“1 is the best and 5 is the worst…Every app gets read twice. The computer itself will give the application a score based on the actual statistics of the student,” says UC Santa Cruz senior admissions evaluator, Ria Jagasia. In this deep dive into the inner workings of University of California admissions, we learn exactly how computers and humans score apps, tricks to bumping up your score, the do’s and don’ts of the UC essays (Personal Insight Questions), and which groups of students are prioritized over others.
Thanks so much for joining us, Ria! Can you tell us about your experience as an admissions officer for the University of California system?
My title is senior admissions evaluator. My primary goal is to read applications and do the actual technical transfer application process. Reading-wise, we read whatever comes in our queue. I’ve read international, domestic, in-state, and then not in the state of California, freshmen and transfer apps, so it’s really just everything. I’ve gotten a taste of everything this past cycle. We get upwards of 50,000 applications per cycle, so we have to hire a whole army to read for us. I know I read over 1000 applications this past cycle between freshmen and transfers. I like reading not only one region; it just gives me a taste of everything.
When you say you’re “reading,” what exactly are you reading and looking for?
That’s a good question. For freshmen, it’s pretty standard. What you should present in your application is pretty straightforward. I think the only real difference between private admissions and at the UC or even other state systems is that the UC questions are very straightforward, so students don’t have a lot of space to talk about themselves and we don’t grade your personal statement. We don’t really necessarily grade for writing skills or eloquence in the essays. We’re really looking for the meat of your essays.
So what happens when you have an application in front of you?
What I do is that I’ll have my rubric. The rubric typically has SAT — this year, it’s test optional and we’re completely redoing our rubric for this cycle — test scores, honors, GPA. Because we read so many California applicants, they have a certain pattern of coursework they have to follow, so it’s very technical. And the PIQ (personal insight questions) give me more context as to things like, “What are hardships you’ve gone through?” California is so diverse in our applicant pool; students have gone through everything. It’s good really humbling, honestly, to read some of these stories. It’s like, “Wow, I have it good compared to a lot of these students.” To pursue a bachelor’s degree on top of everything they’ve gone through is pretty impressive. So I definitely like reading for context. We get information on their school, so I get some sense of what the average income, average SAT, ACT is in their pool. So I’m not comparing a student who’s in a top 1% Bay Area high school versus another student from the middle of nowhere California. It’s a very different scheme in terms of what I’m looking for in an application. It’s not just like, “Oh, you have a bad SAT score, you get a one.” It really depends on what I feel in terms of the context where the student should lie. So although we have a rubric, it’s very context-heavy.
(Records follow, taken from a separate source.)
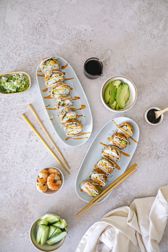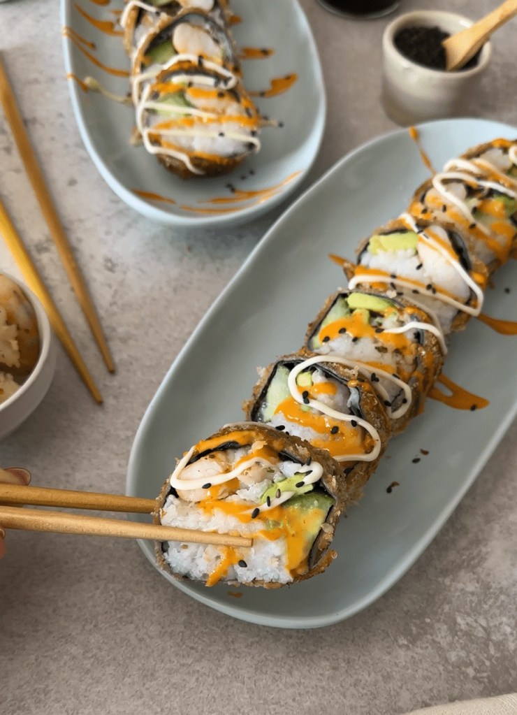 Sushirolle in mundgerechte Stücke schneiden und mit Sriracha Mayo und Mayonnaise toppen. Optional noch etwas schwarzen Sesam on top geben und direkt genießen.
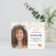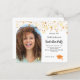 Add your own vertical size photo of the graduate. An arch shaped photo frame. A classic white background colour, decorated with faux gold stars. Personalise and add a name and party details.
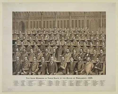 ![]() Results of the 1886 election in Ireland Conservative Liberal Unionist Irish Parliamentary Party | |||||||||||||||||||||||||||||||||||||||||||||
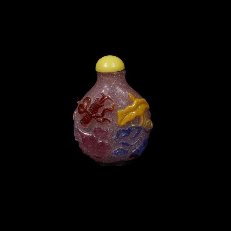 A Chinese five-color overlay glass 'eight daoist symbols' snuff bottle
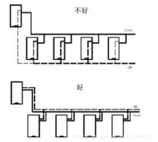 - 时钟信号引线最容易产生电磁辐射干扰,走线时应尽量短并与地线回路靠近。
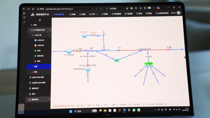 在河海大學(xué)水工程調(diào)度團(tuán)隊(duì)鐘平安教授的帶領(lǐng)下,朱非林參與了面向三峽工程這一國之重器的重大科研攻關(guān)。團(tuán)隊(duì)主要在"快"和"準(zhǔn)"兩個(gè)字上下功夫。過去,為一個(gè)流域搭建防汛調(diào)度模型和系統(tǒng),需要工程師花費(fèi)幾天甚至幾個(gè)月手動(dòng)創(chuàng)建,如同手工編織一張巨大的網(wǎng)。朱非林團(tuán)隊(duì)開發(fā)了一套智能在線建模系統(tǒng),像搭"數(shù)字樂高"一樣,通過簡單的鼠標(biāo)拖拉拽操作,就能在幾分鐘內(nèi)建立起全國任意流域或區(qū)域的調(diào)度系統(tǒng)和模型,極大提升了防汛決策的響應(yīng)速度,為洪水調(diào)度贏得了寶貴的黃金時(shí)間。

Is this rubric you speak of one that students can access or confidential for admissions officers?
It is internal. We actually don’t release our rubric, even to students. But the criteria that’s listed online is what we grade for, so the things we’re looking for are available on the UC website and the application isn’t a surprise. Especially since I have the consulting background, I’ve seen the process of putting together an application and I’ve obviously done my own college process too. It’s pretty crazy to me how students get so caught up in the nitty gritty when, honestly, I spend less than five minutes on their application. I probably won’t notice if you spelled one word wrong, but if you spell twenty words wrong, it’ll stand out.
Are students focusing on the wrong thing when it comes to UC applications?
Students just get so caught up in test scores and GPAs being everything, and that’s just not true in the grand scheme of things. Even when I evaluate, I just give one score, and then it goes on. I don’t make a final decision; our directors make the final decision on who gets admitted from which population. We call it slicing and dicing. There’s a lot of data that gets pulled out, and then we will admit certain populations from each school. We create an equitable and diverse class. There’s a lot more number crunching that goes into the end decision. I feel it’s very straightforward.
You mentioned the scoring system. Can you tell us more about that?
1 is the best and 5 is the worst. The UC uses a consistent system, so all our campuses grade on that scale. Every app gets read twice. Every app goes through another reader, just so there is some consensus and there’s not just one person reading it completely wrong. Our system is really good in the sense that the computer itself will give the application a score based on the actual statistics of the student.
How does the computer’s score differ from the ones the admissions officers give?
So say I rated an application a 1 and then somebody else gives it a 4. The application gets flagged, and a third person reads it. We call that a third read.